** Data to use follows **

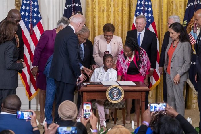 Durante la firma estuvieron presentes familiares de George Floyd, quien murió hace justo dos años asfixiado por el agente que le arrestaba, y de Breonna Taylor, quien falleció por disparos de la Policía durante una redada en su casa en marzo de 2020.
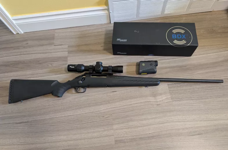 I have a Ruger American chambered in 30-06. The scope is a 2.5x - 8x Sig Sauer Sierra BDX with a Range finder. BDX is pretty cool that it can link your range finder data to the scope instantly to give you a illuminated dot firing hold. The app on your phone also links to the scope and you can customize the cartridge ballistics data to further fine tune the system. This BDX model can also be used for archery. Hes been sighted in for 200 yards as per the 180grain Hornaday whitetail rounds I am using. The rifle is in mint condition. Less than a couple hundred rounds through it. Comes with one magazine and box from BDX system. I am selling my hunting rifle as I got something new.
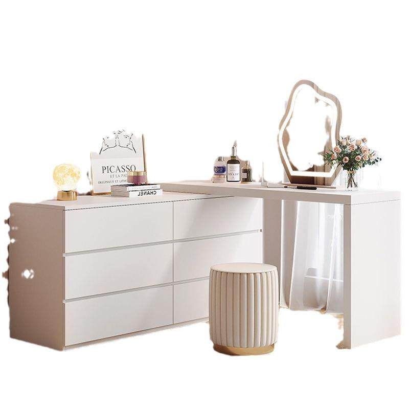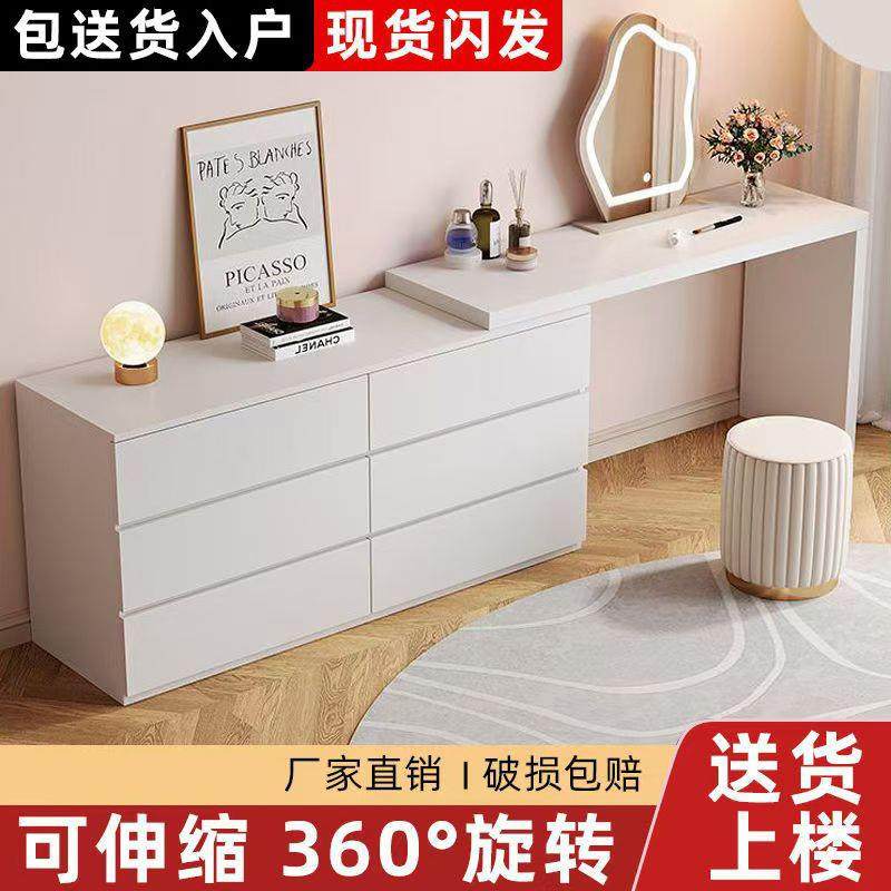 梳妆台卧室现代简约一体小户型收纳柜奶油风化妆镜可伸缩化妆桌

** End of Data to use **
** Data to use follows **

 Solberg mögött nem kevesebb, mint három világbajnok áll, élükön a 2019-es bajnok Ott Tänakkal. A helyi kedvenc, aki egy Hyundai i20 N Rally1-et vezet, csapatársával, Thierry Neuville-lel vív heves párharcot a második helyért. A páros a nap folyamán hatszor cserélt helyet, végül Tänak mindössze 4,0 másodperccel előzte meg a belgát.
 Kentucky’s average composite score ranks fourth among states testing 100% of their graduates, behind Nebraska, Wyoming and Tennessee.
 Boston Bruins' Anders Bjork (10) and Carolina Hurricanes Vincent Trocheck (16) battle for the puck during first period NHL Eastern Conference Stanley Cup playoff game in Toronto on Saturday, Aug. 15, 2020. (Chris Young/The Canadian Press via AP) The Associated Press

** End of Data to use **

** What this task involves **
In the records above, find the line with "I have a Ruger" and the line with "梳妆台卧室现代简约一体小户型收纳柜奶油风化妆镜可伸缩化妆桌"; please transcribe exactly those two lines and all lines between them, omitting any picture.

** Written solution **
 I have a Ruger American chambered in 30-06. The scope is a 2.5x - 8x Sig Sauer Sierra BDX with a Range finder. BDX is pretty cool that it can link your range finder data to the scope instantly to give you a illuminated dot firing hold. The app on your phone also links to the scope and you can customize the cartridge ballistics data to further fine tune the system. This BDX model can also be used for archery. Hes been sighted in for 200 yards as per the 180grain Hornaday whitetail rounds I am using. The rifle is in mint condition. Less than a couple hundred rounds through it. Comes with one magazine and box from BDX system. I am selling my hunting rifle as I got something new.
 梳妆台卧室现代简约一体小户型收纳柜奶油风化妆镜可伸缩化妆桌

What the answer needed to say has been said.